Not really. Mao tried to force all Chinese to speak Mandarin, and he failed miserably. Kinda the exact opposite of "Democratic". But of course that's not the fault of the language per se...

It's a language that has proven it can adapt to changing circumstances.
Chinese may be, but if Japanese is an example, and Japanese is adapted from Chinese by Han explorers to Japan in the Iron Age; its not very adaptable at all. The Japanese have developer THREE different writing systems to cope with with some shortcomings of the language (only two tenses, underdeveloped pronoun system, etc). That may be a shortcoming of Japanese, but Japanese is just a symptom of a language root that isn't very forgiving.
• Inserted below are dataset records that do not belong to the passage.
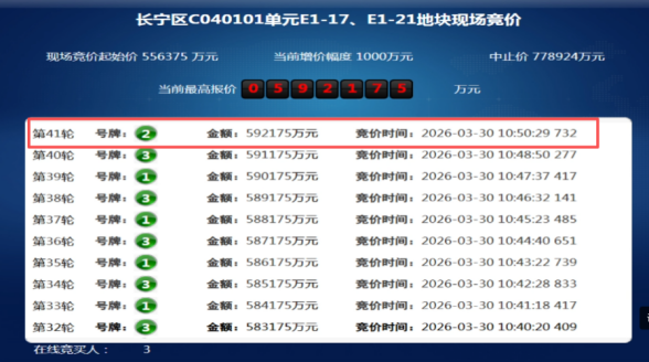 上午10时竞拍开始,1号与3号竞买人轮番出价、激烈角逐,2号竞买人则全程按兵不动。竞价快速推进至第40轮,报价升至59.12亿元,此时,一直缄默的2号竞买人终于出手,报出59.22亿元,1号、3号竞买人均未再跟进,凭此这一次关键报价2号竞买人成功摘地。最终,地块溢价率6.43%,成交楼板价7.77万元/平方米。
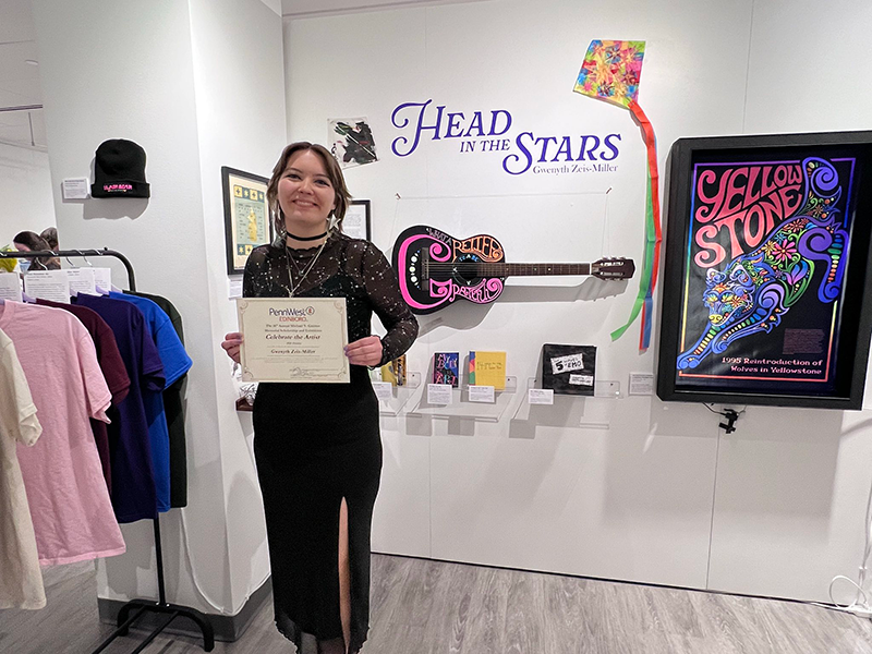 “Celebrate the Artist” honors Michael V. Gmitter, a jewelry and metals major at Edinboro University who passed away in 2006. The exhibition was established in honor of his memory, and to encourage senior art students Edinboro University to peruse their careers. I was incredibly grateful to be chosen as a finalist for the 2025 exhibition. My personal part of the exhibition was called “Head in the Stars,” and it displayed a range of my design work focused on celebrating my passions, loving myself and others, and fostering my inner child.
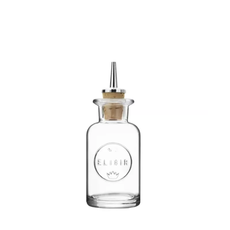 Bottiglietta per Bitters, della Linea Elixir del celebre marchio Bormioli, dotata di tappo versatore in sughero e plastica.
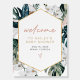 This baby shower welcome sign features pink pampas, tropical palm leaves and a fun handwritten script font. This baby shower foam board is perfect for your beach or tropical themed baby shower event.
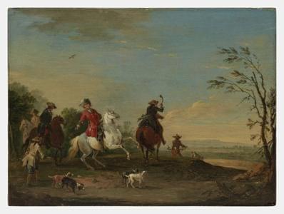 Cavalcade dans la forêt, huile sur toile, monogrammée A.de M. et...
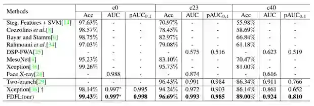 该研究在FF++数据集上与之前的人脸伪造检测方法进行了比较。结果如下表所示:
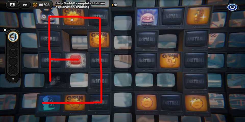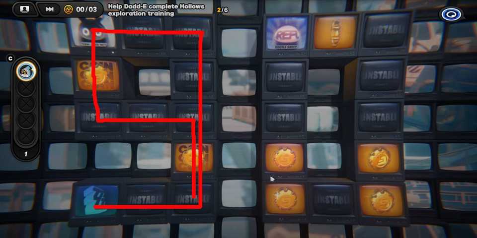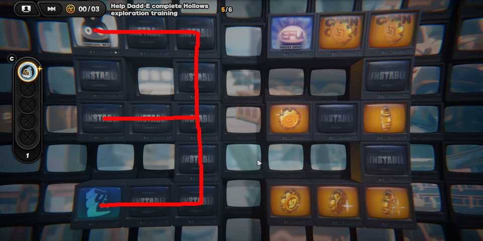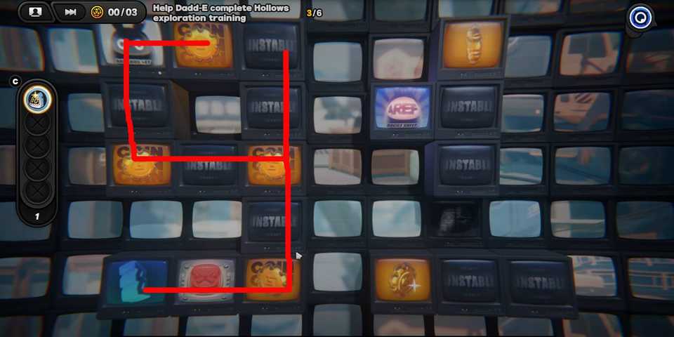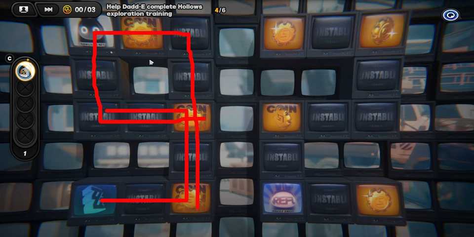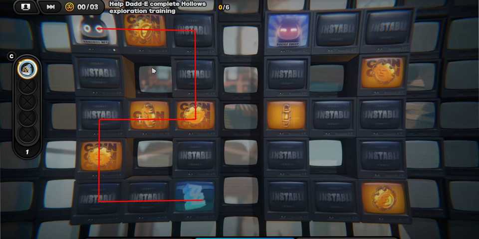 En cada cuadrícula, usted empieza en la esquina superior izquierda y necesito Dibuja un camino que llegue a todos los monitores con pantallas doradas tanto de tu lado como del de Dadd-E.Dado que tu conjunto de monitores y el de Dadd-E no son idénticos, tendrás que retroceder en los espacios para llegar a todas las pantallas necesarias. Solo tienes 30 movimientos en cada rompecabezas.lo que limita significativamente tus opciones mientras intentas completar tanto tu camino como el reflejado de Dadd-E.
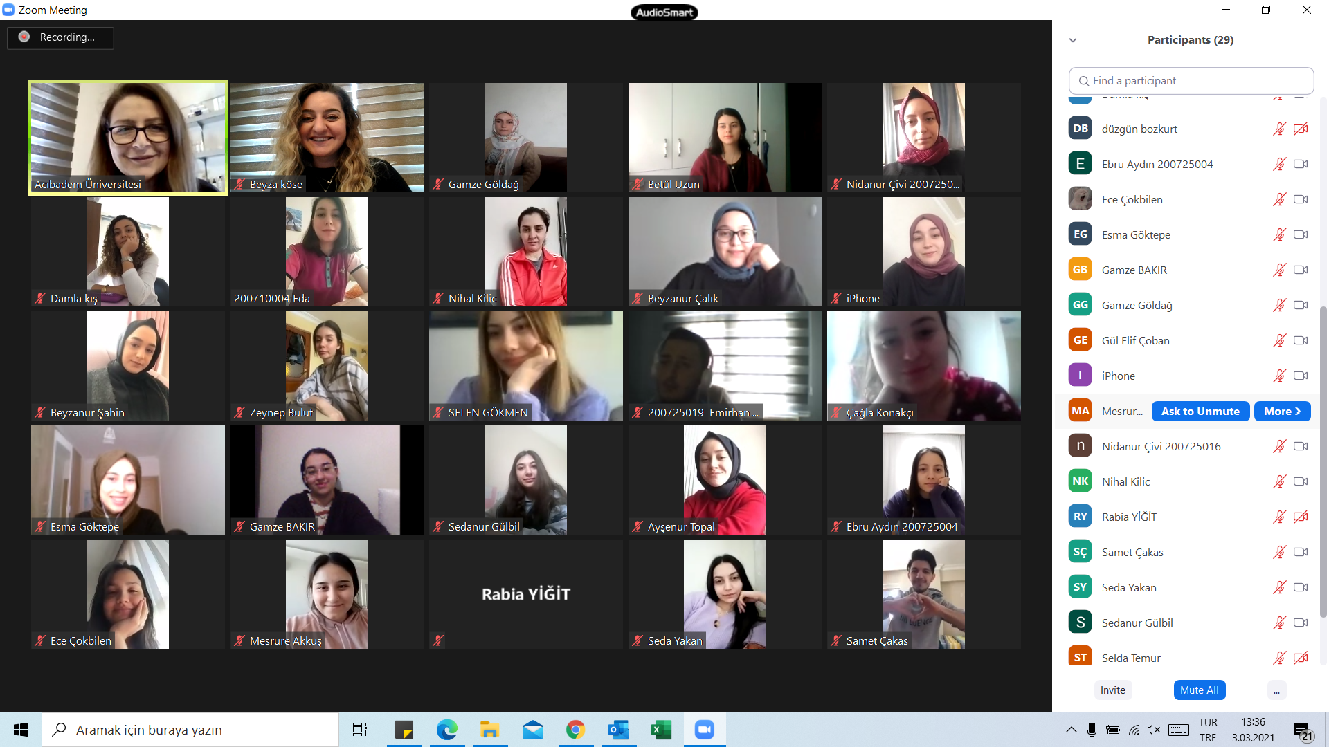 Acıbadem Üniversitesi Sağlık Hizmetleri Meslek Yüksekokulu Tıbbi Dokümantasyon ve Sekreterlik (TDS) Programımızın düzenlediği 2020-2021 Bahar Dönemi Akademik Danışmanlık Toplantısı’nın birincisi zoom üzerinden çevrimiçi olarak, Programın Akademik Danışmanı Öğr. Gör. Aytül Yavuz’un başkanlığında, TDS 1. ve 2. sınıf öğrencilerinin ve Program Uzman Eğitmeni Beyza Köse’nin katılımıyla gerçekleşti.Danışmanlık toplantısında 2020-2021 Bahar Döneminde günümüz pandemi koşullarındaki ders programları bilgilendirmesi ve uygulama derslerinin nasıl olacağı, yönetmelikler, devam-devamsızlık durumları ve takibi, ders ekle-bırak haftası, seçmeli dersler, mail kontrolleri, ders işlenirken KVKK önemi ve kuralları, Yaz Stajları konu başlıklarında bilgilendirme yapıldı. Bahar dönemi boyunca her ayın ilk haftası “Akademik Danışmanlık Toplantısı” yapılması ve bir sonraki toplantıya Kariyer Merkezi sorumlusunun davet edilmesi de kararlaştırıldı.

I will say however that a language that can be nuanced such that 9 different meanings from changing the tone of one word may be more flexible than I give it credit for,

--
Python: 'And then suddenly you have a language which says "we're all stuck with whatever the whiniest coder wants".'
Re:Mandarin dependency and homophone confusion by Fire_Wraith · 2015-07-18 04:03 · Score: 4, Informative

To a degree, yes, because the symbols themselves are the same. Note however that some of the original Chinese characters have been altered in use (simplified) by the PRC in the 50s and 60s, but those are only used in mainland China (and I think Singapore maybe?), but not Taiwan or Japan. Aside from that though, the characters for something like 'University' would still be a combination of the character for 'large' and the character for 'school'. It might be pronounced totally differently, but could be read and understood by all. Fun fact: The proper reading of the characters for the country of "Japan" in Japanese is actually "Nihon" or "Nippon." However, in certain Chinese dialects, the characters that comprise it are pronounced more like "Zep-pen" or "Japan." What's also fascinating to consider is that Korean is the same way, but that in modern usage you hardly ever see the Chinese characters (Hanja) used, even though I think they're still taught in some schools. Almost everything I saw when I was in Korea was in Hangul, the Korean native alphabetic script.